*What you are asked to do*
Repeat, exactly and with no pictures, the lines that run from the beginning of the entries through the line containing "My cat reading Av club's Community recap.".

Stored items:
------------------------------------------------------------

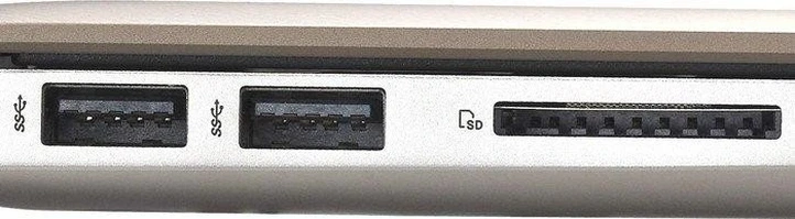 - 3x USB-A 3.0 (5Gb/s), 1x Mini DisplayPort, 1x HDMI, 1x SD Card, 1x MMC
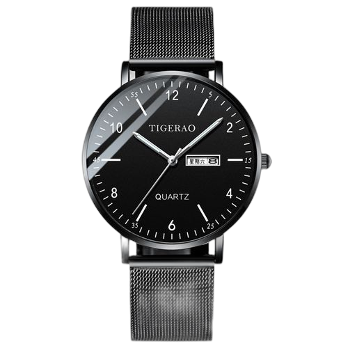 Montre quartz double calendrier imperméable pour homme – Noir
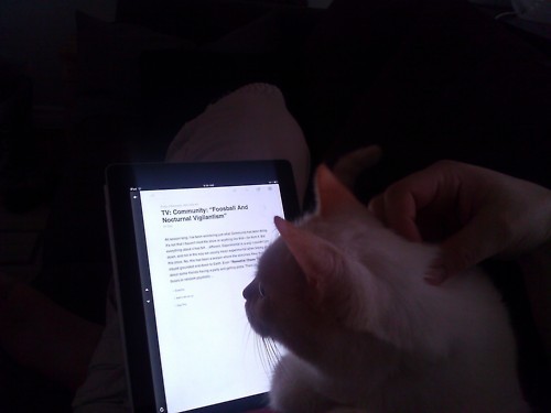 My cat reading Av club's Community recap.
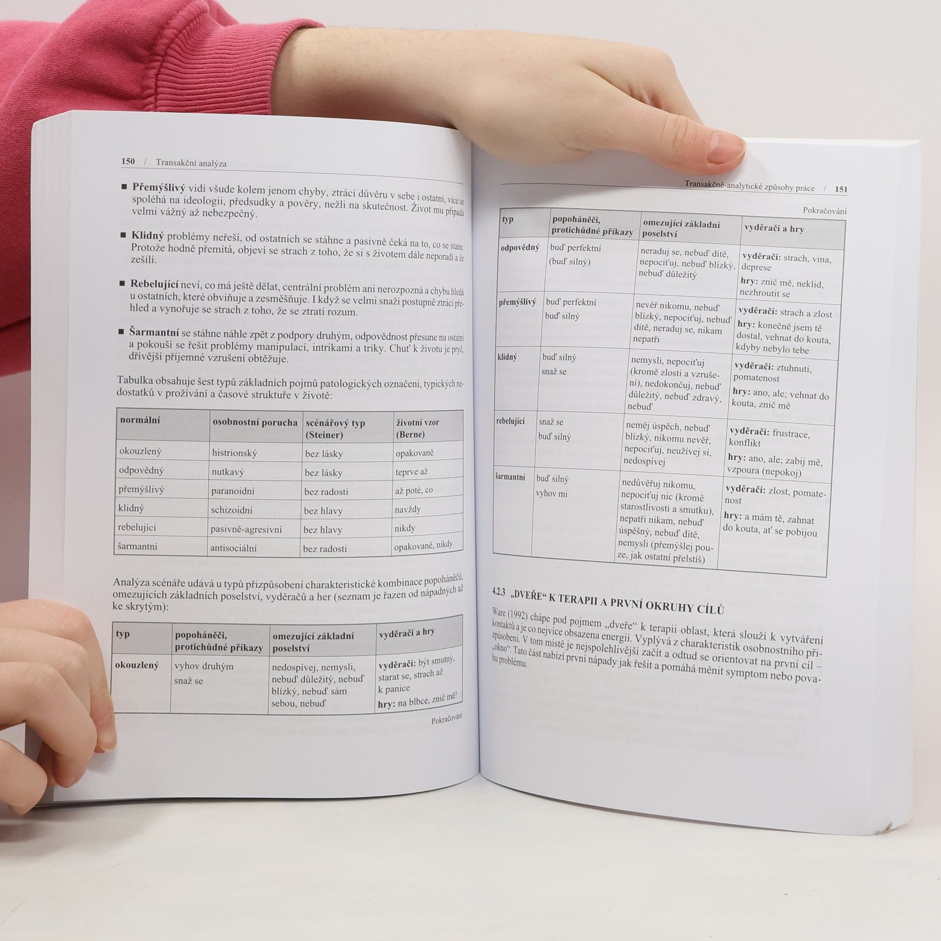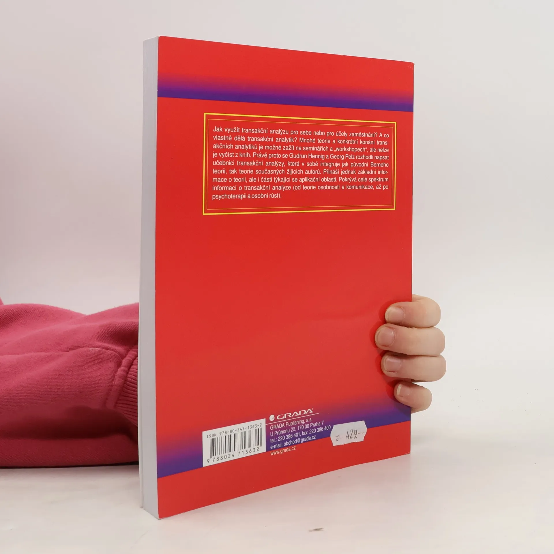 Terapie a poradenství Jak využít transakční analýzu pro sebe nebo pro účely zaměstnání? A co vlastně dělá transakční analytik? Mnoho teorie a konkrétní konání transakčních analytiků je možné zažít na seminářích a \\\"workshopech\\\", ale nelze je vyčíst z knih. Právě proto se autoři rozhodli napsat učebnici transakční analýzy, která v sobě integruje jak původní Berneho teorii, tak teorie současných žijících autorů. Přináší jednak základní informace o teorii, ale i části týkající se aplikační oblasti. Pokrývá celé spektrum informací o transakční analýze (od teorie osobnosti a komunikace, až po psychoterapii a osobnostní růst).
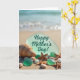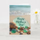 This card shows a close-up beach scene bathed in soft sunlight, with a calm shoreline blurred in the distance. At the center sits a large, smooth piece of sea-worn glass in pale seafoam green, glowing gently as if it’s been warmed by the day. Across the glass, the words “Happy Mother’s Day!” appear in darker green lettering, placed neatly in the middle so it stands out without overpowering the natural textures. To the left, a large spiral shell in sandy beige rests close by, angled toward the glass like it’s keeping it company, adding a quiet, affectionate feel ❤️. Around them, smaller ribbed shells and a few five-point sea stars are scattered, their shapes arranged in a way that feels like a thoughtful gathering rather than a random spill. Polished bits of sea glass in deeper green and milky white sit between the shells, catching tiny highlights that flicker like shared glances 🌼. Fine grains of sand fill the foreground, while faint foamy waves and a sun-dappled ocean soften the background behind the arrangement.
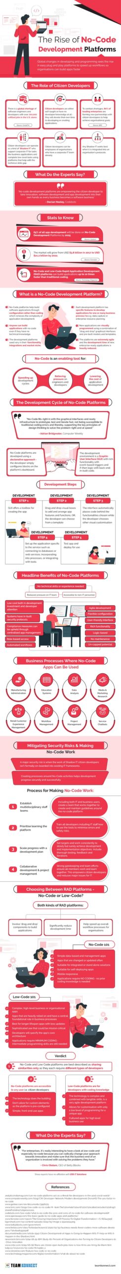 Our friends over at Saas Platform company in Ireland called TeamKonnect have developed new infographic called “The Rise of No-Code Development Platforms” which is provided below. This infographic is a 101 guide to No-Code Development Platforms. Rising in popularity in the last decade, these platforms offer an exciting opportunity for businesses and organizations to develop apps that meet their needs without the engagement of software engineers. Due to the lack of tech knowledge needed, it’s no wonder that Gartner projects that by 2025, 65% of all app development will be done on No-Code Development Platforms!

------------------------------------------------------------

*Result for this task*
 - 3x USB-A 3.0 (5Gb/s), 1x Mini DisplayPort, 1x HDMI, 1x SD Card, 1x MMC
 Montre quartz double calendrier imperméable pour homme – Noir
 My cat reading Av club's Community recap.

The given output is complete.